# Vo-Tech school shop



## dorsey (Dec 12, 2008)

I'm building a Stuart 10V using a local vo-tech shop for the machinery and my basement shop for drilling, filing, fitting, and assembly. The class costs $170 for twelve weeks, so two and one half hours of machine time each week works out to $5.67/hr. to "rent" the shop. Of course, I'm not alone in the shop, but there is an 8' shear (1/4" cap.), manual bending brake (4'), rolling mill, vertical mill, South Bend 16" lathe, 24" metal band saw, a 12" horizontal band saw, punch press, arbor press, and about a dozen industrial-strength (440v) welders (GMAW, GTAW, and SMAW).

Another benefit is the huge pile of scrap material available at no extra cost. Since I ruined the cast iron bar that came in the Stuart kit, I quickly found a piece of 1 3/8" mild steel rod as a replacement. Much better than buying a three foot length from my supplier, when I only need 1/2".

I'd recommend that anyone look at this kind of facility in their area.

Dorsey


----------



## rake60 (Dec 12, 2008)

Welcome to HMEM Dorsey

Rick


----------



## Maryak (Dec 13, 2008)

Dorsey,

Welcome to our forum 
	

	
	
		
		

		
			





Best Regards
Bob


----------



## Tin Falcon (Dec 13, 2008)

Welcome
What part of Jersey are you from?
Do you know about Cabin fever?
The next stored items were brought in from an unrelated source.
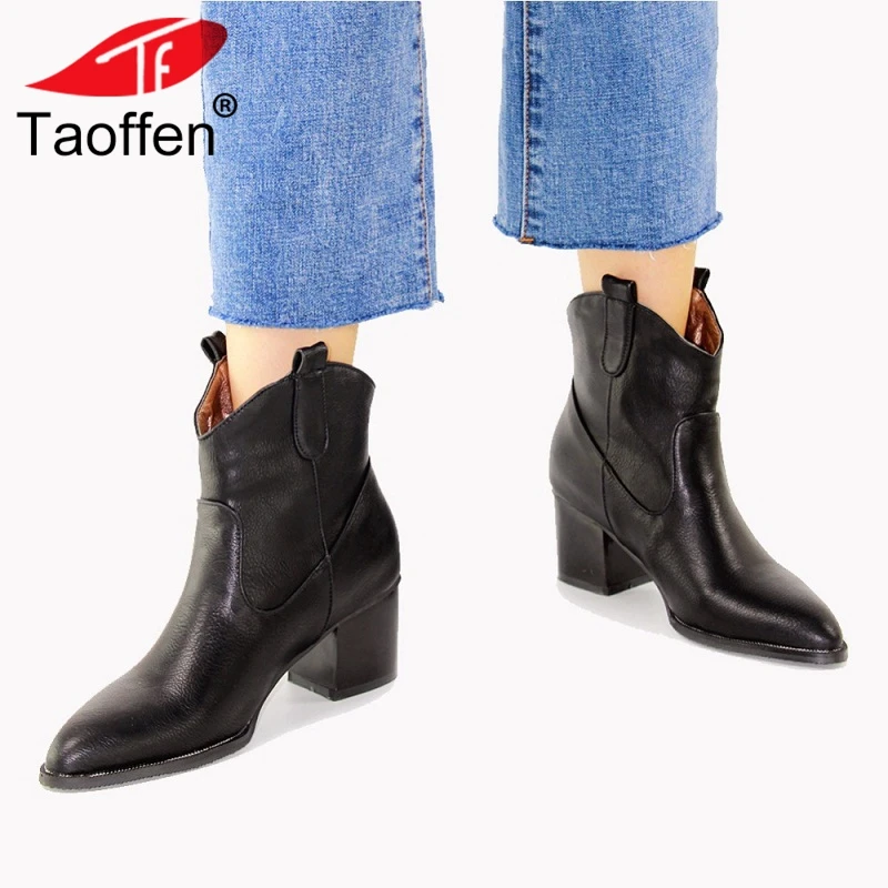 Beste Koop TAOFFEN Herfst Winter Fashion Slip On Retro Vrouw Enkellaars Vierkante Hak Vrouwen Schoenen Plus Size 32 47 westerse Laarzen Vrouw Goedkoop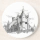 Reprodução de caneta e desenho de tinta estampados de Alcazar - castelo na Espanha. Arte original de John A. Muir. (tinta preta)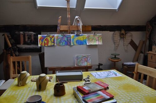 Am 14. Februar besuchte das Team vom Ostseeländer Hofcafé den Dipl. Kunsttherapeuten Ben Silg in seinem Studio. Wir übten meditatives malen und versuchten danach über unsere kleinen Kunstwerke frei zu reden. Es war schon erstaunlich, das jede Person andere Farben und Formen benutzt hat und somit auch jedes Bild anders auf jeden einzelnen wirkte. Nach Beendigung des Malens übten wir uns im Speckstein bearbeiten. Jeder konnte für sich ein kleines Schmuckstück oder einen persönlichen Glücksstein herstellen. Die Arbeit wirkte sehr beruhigend auf uns und förderte die Konzentration jedes einzelnen. Nach Beendigung der Arbeit durften wir einen Blick in die Heiligtümer des Künstlers werfen. Wir schauten uns Skulpturen und Aquarelle an und waren sehr beeindruckt über die Arbeiten. Herr Silg ist ein treuer Kunde des Ostseeländers. Noch bis zum 30.03.11 sind seine Collagen im Amt Züssow zu betrachten und auch käuflich zu erwerben. Für uns war der Tag sehr schön und hinterließ viele positive Eindrücke. Vielleicht stellen wir auch mal eine Collage her - Inspiration haben wir ja jetzt.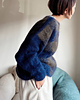 裾から輪で編み始めて脇下まで進み, 前後身頃を分けてそれぞれ肩まで往復編み, 両肩は表を見ながらThree-Needle-Bind-Offの方法で綴じるので, 肩のシームもデザインポイントになります. 袖はアームホールから目を拾い, 袖口に向かって減らしながら編みます. クロップド丈の身頃のたっぷりあるゆとりと, しっかりと長さのある袖丈がボトムスとバランス良くコーディネートできます. また, シンプルな構造なので, お好みで着丈・袖丈を伸ばすことも可能です.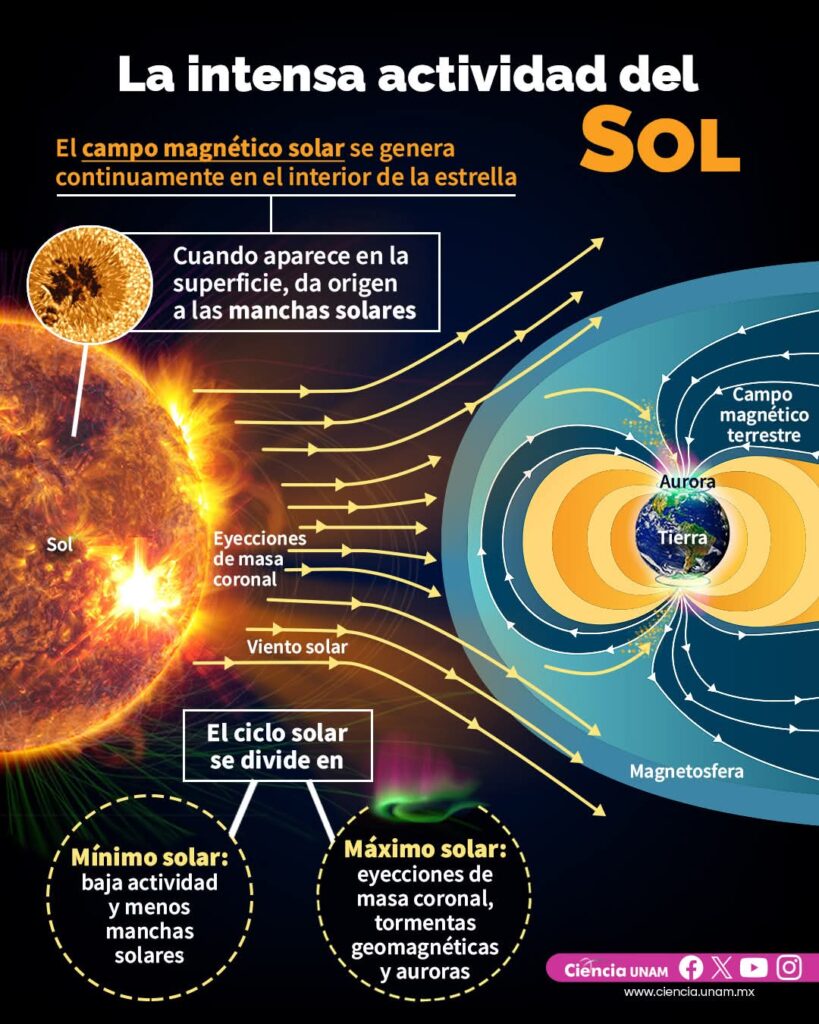 Muy intenso, es el ciclo solar. Conózcalo! Publicada el 21 noviembre, 2025 Fuente: Universidad Nacional Autónoma de México Compartir en redes socialesTweet Share on Telegram (Se abre en una ventana nueva) Telegram Share on WhatsApp (Se abre en una ventana nueva) WhatsApp Me gusta esto:Me gusta Cargando... Relacionado Navegación de entradas « Que la cerveza, el pan y el queso son de los alimentos más antiguos“Mi profe en línea”, un apoyo académico que llega a todos los rincones de Guanajuato »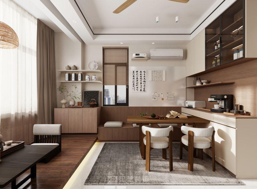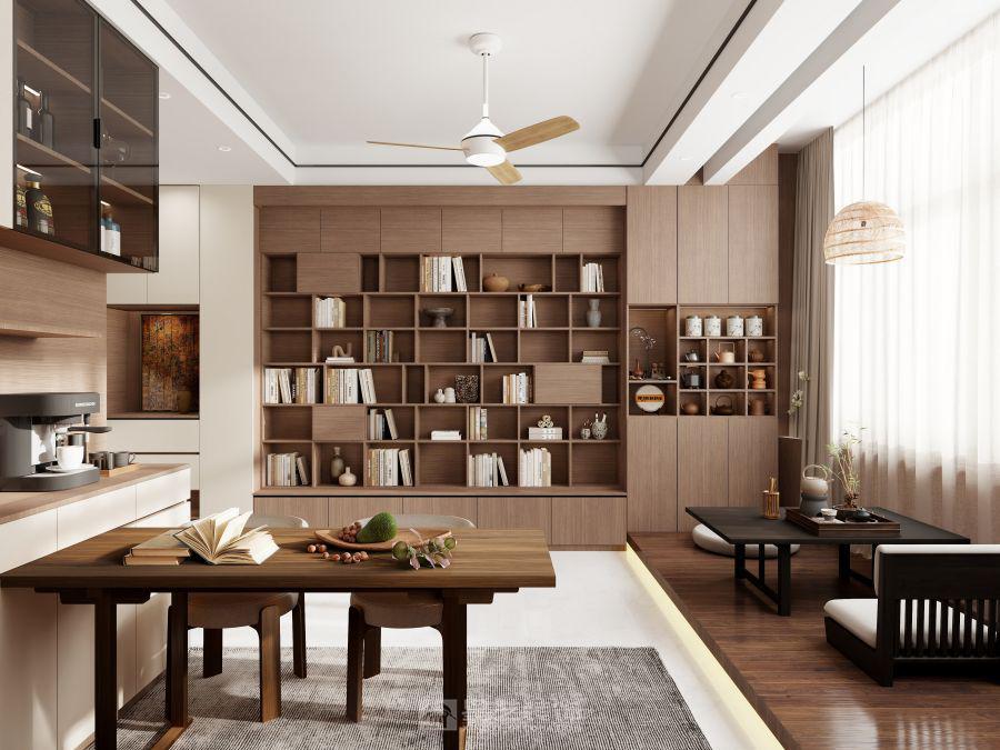 业主夫妻都是人民教师,有喝茶的习惯,在阳台区放置传统茶桌感觉不自在,那么绿意盎然的窗景也浪费,业主找到我的时候,我是带着解决方案上门沟通的,一番沟通,我帮业主规划了一个临窗的休闲地台,可喝茶,打坐,业主家里书籍多,也想培养小孩的阅读习惯,所以设计了满墙书柜,同时加个小心思,书柜最下面做深地柜,可以踩着地柜去拿书,同时还能兼顾投影幕布的位置,刚好鞋柜、幕布、地台齐平了,视觉上也舒服。这样客厅可休闲可会友,可一家人一起看影音,家人聚一起的时间多了。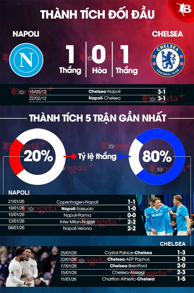 Xét về phong độ, chính các cầu thủ Napoli mới là những người phải lo lắng do họ mới để thua Juventus tới 0-3. Trận đấu này là lần thứ 5 họ không thể giành chiến thắng trong 6 trận gần nhất. Về phần mình, Chelsea kể từ khi được tiếp quản bởi tân HLV Liam Rosenior đã hạ 4 đối thủ trong 5 trận vừa qua. Với những gì đang thể hiện, họ đủ khả năng phá tan pháo đài kiên cố Maradona để khiến Napoli phải ôm hận.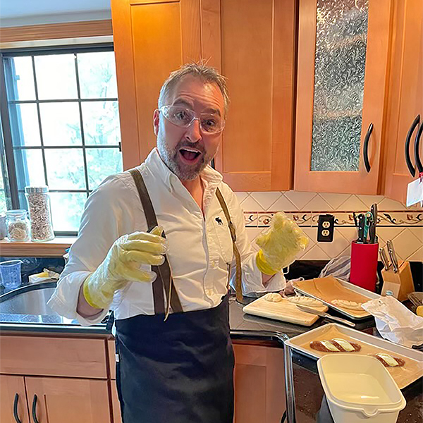 Since I can’t spend Christmas with my family in Germany this year, I’m baking homemade pretzels. When using caustic soda, the highest level of safety is required – hence the protective clothing.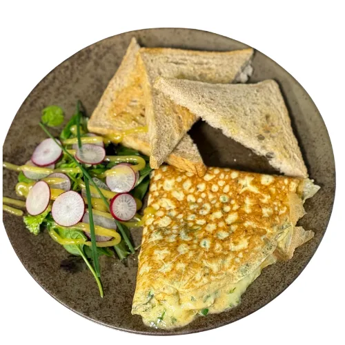 Oua / Sare / Piper / Smantana de gatit / marar fresh / patrunjel fresh / cascaval emmantaler / Ulei floarea soarelui / Mix de salata / Ridiche / Paine cu maia /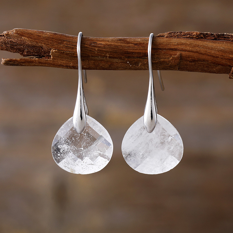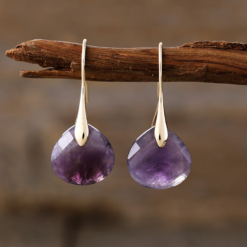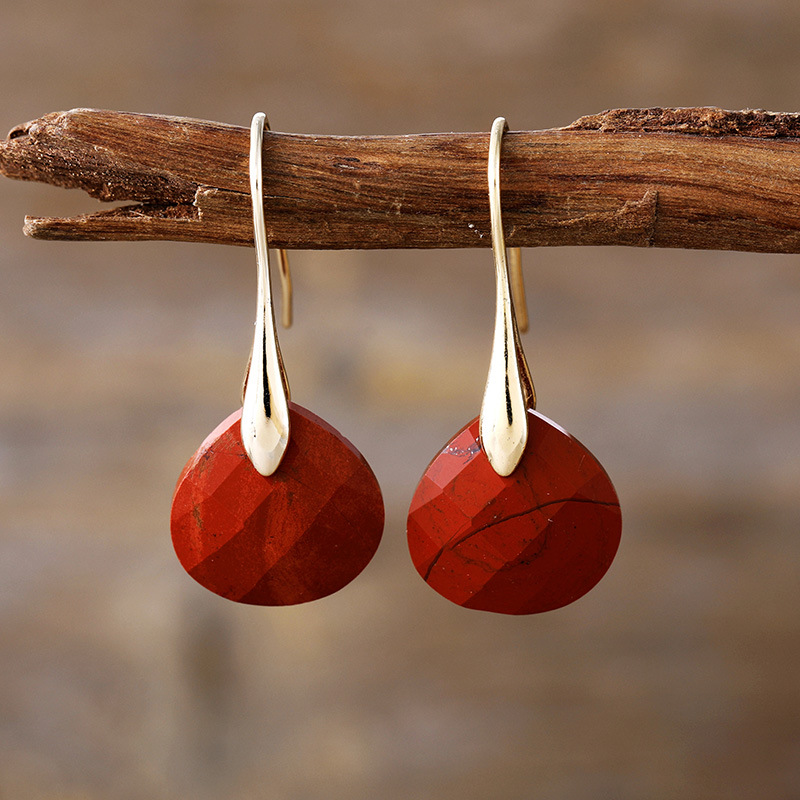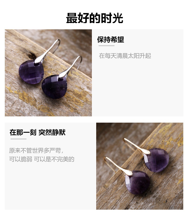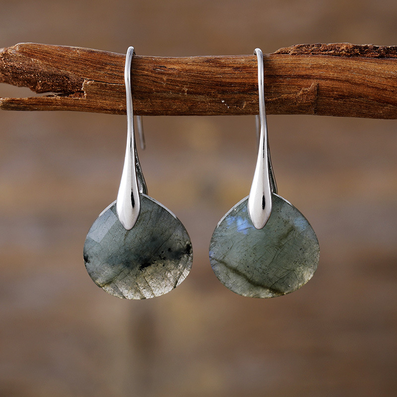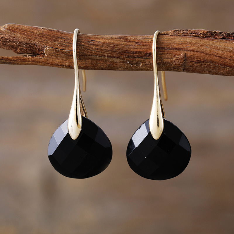 新款民族风天然石水滴耳坠耳钉轻奢欧美设计师饰品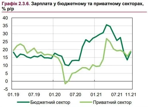 В НБУ наголошують, що вагомим чинником зростання доходів українців були зарплати у бюджетному секторі, підвищення яких підтримувалось, зокрема, зростанням мінімальної зарплати (до 6 тисяч гривень з січня і 6 500 гривень з грудня минулого року).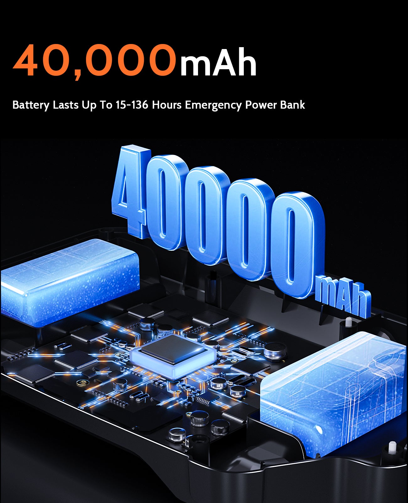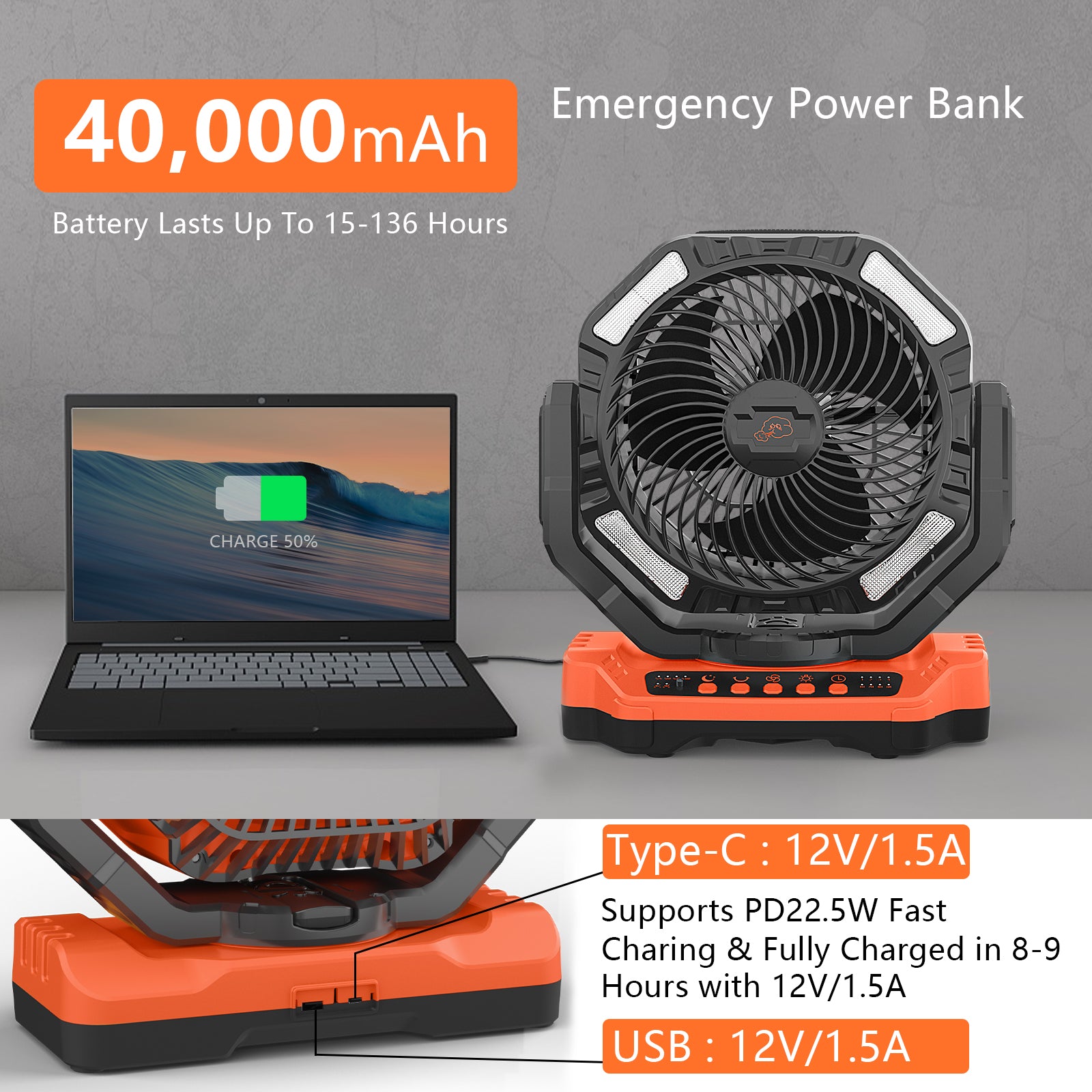 - 【40,000mAh Rechargeable Camping Fan】Battery operated fan, built-in in a 40,000mAh large-capacity rechargeable battery, can work continuously for 11-136 hours after fully charged in 9 hours via 12V1.5A type-c cable(included). Rechargeable fan can be used as a emergency power bank to charge your cell phone or laptop. It is perfect camping equipment.

Are you planning on attending?
Tin


----------



## Brass_Machine (Dec 13, 2008)

Cool, somebody else from Jersey!

Welcome to the club.

Eric


----------



## Propforward (Dec 27, 2008)

That's cool dorsey - good idea, might as well make use of the machinery if it's available that way!


----------



## Metal Mickey (Dec 28, 2008)

Welcome, welcome welcome. Look forward to seeing some of your work. Metal Mickey...


----------